Providing support to children is one of the most important responsibilities of parenthood. This means providing assistance and help, both material and emotional, for everything associated with children's lives. As a result, it includes far more than a child's financial needs. It can mean everything from being there for them as they do homework to listening to their problems and encouraging their engagement with anything that is likely to make their lives better both as children and later as adults.

Unfortunately, kids of divorced parents often do not get their financial support needs met. This also has its own emotional elements because children sometimes conclude that they aren't worth much to the parent who will not or cannot meet a financial obligation.

Researchers have found that parents who do provide financial support are demonstrating concern for their children's well-being over large areas of their lives, including the nonfinancial.

Sometimes a failure to pay is deliberate. A parent may refuse out of spite to pay child support or because he or she feels the obligation is unfair. And some parents go out of their way to legally end their support arrangements as soon as their children turn age 18.
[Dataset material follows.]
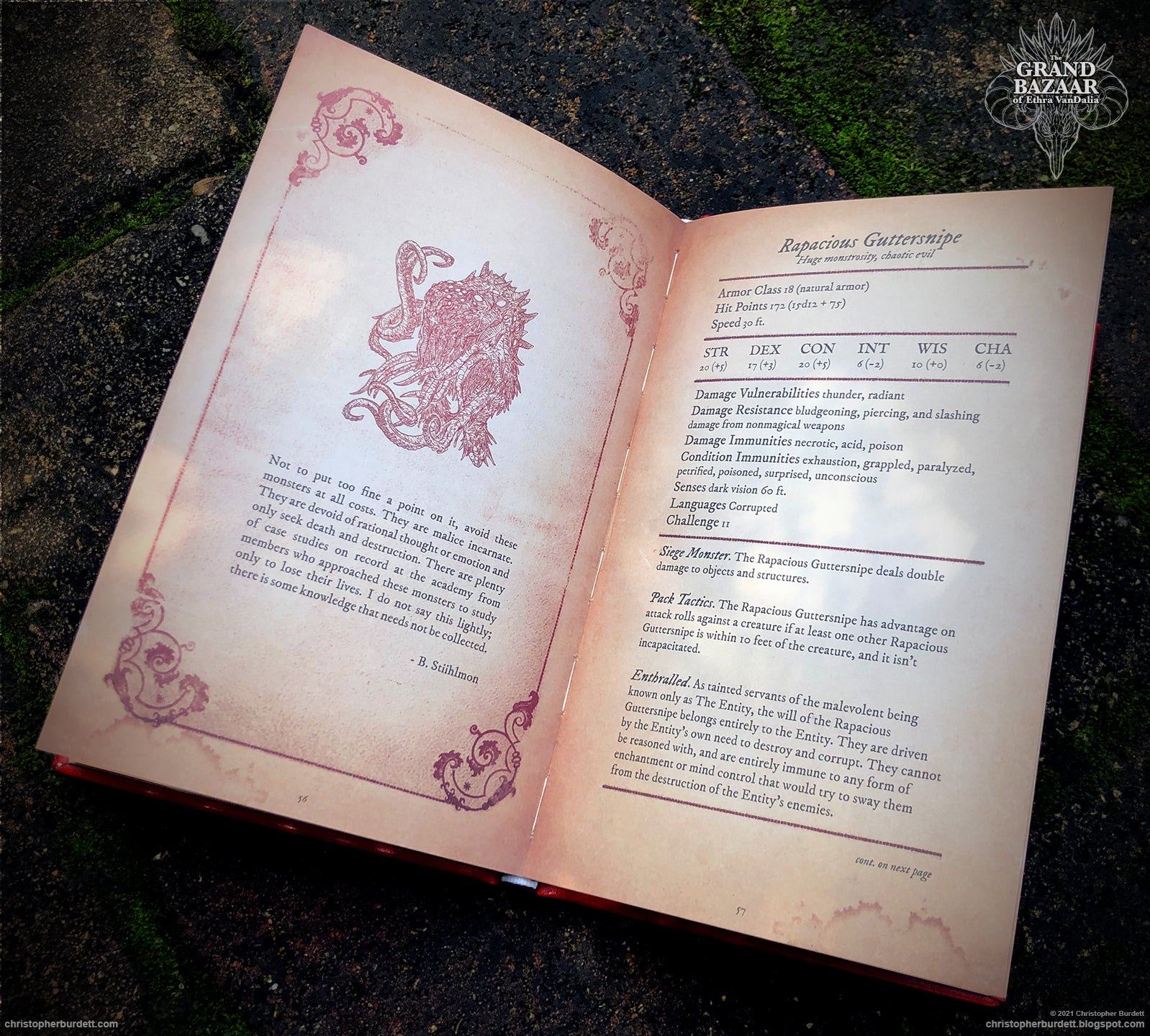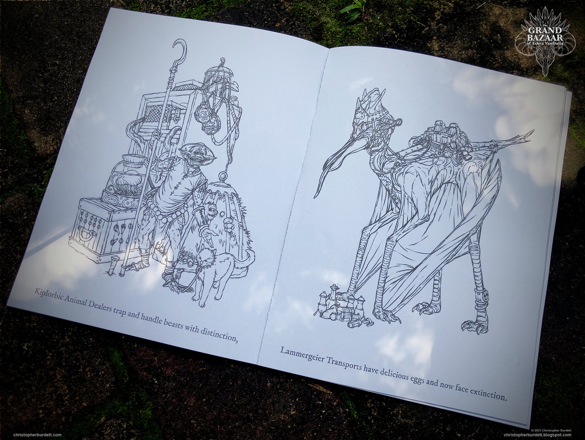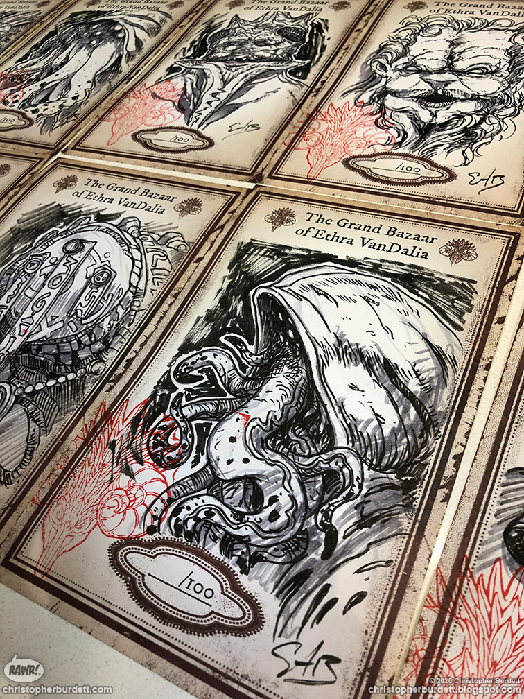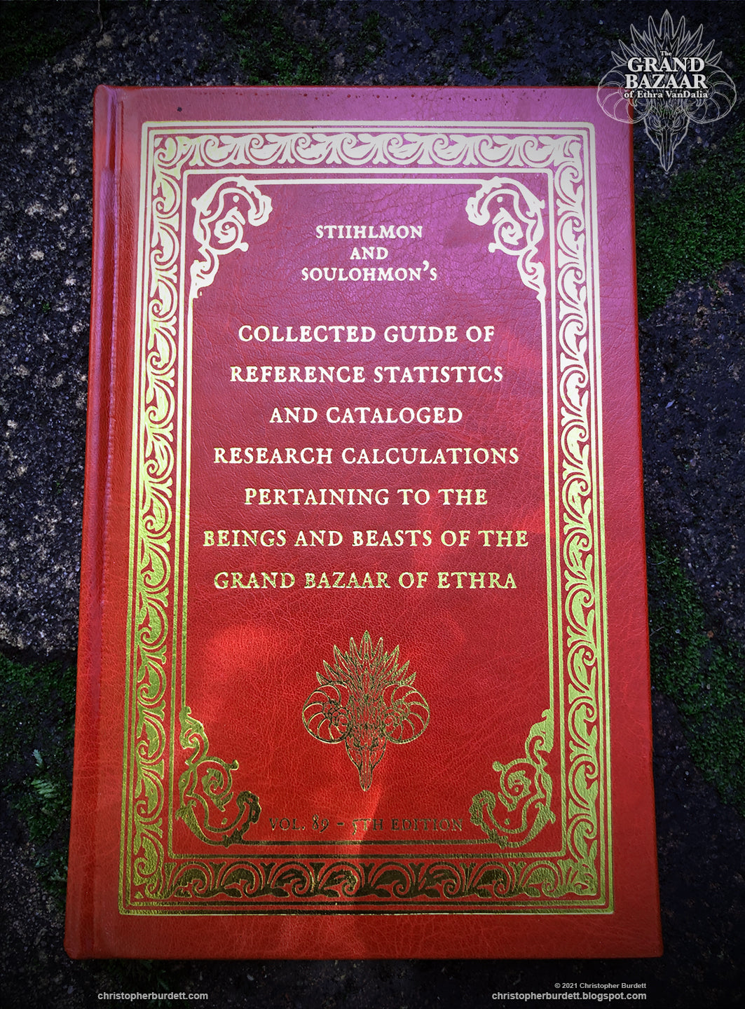 • The Grand Bazaar hardcover is the first book set in a world I first envisioned in 1998. The Grand Bazaar of Ethra VanDalia is an illustrated novel collecting different stories and points of view that introduce you to a world of monsters. The book features a red faux leather cover with embossed gold printing, 245 pages of art and stories, nearly 100 pieces of art, a fold-out map, and more! Take your first step into the Grand Bazaar with this book.

Sometimes, though, a parent has financial trouble from losing a job or from having unanticipated expenses such as medical bills. However, this might not matter to a younger child, who is less likely to understand the situation and the reasons why support isn't being paid.

Aside from the strain put on parent-child relationships, failure to make support payments has serious legal consequences. To avoid suffering these ugly results, anyone who has problems making child support payments may have the option of reducing the payments if his or her income or financial circumstances have changed substantially.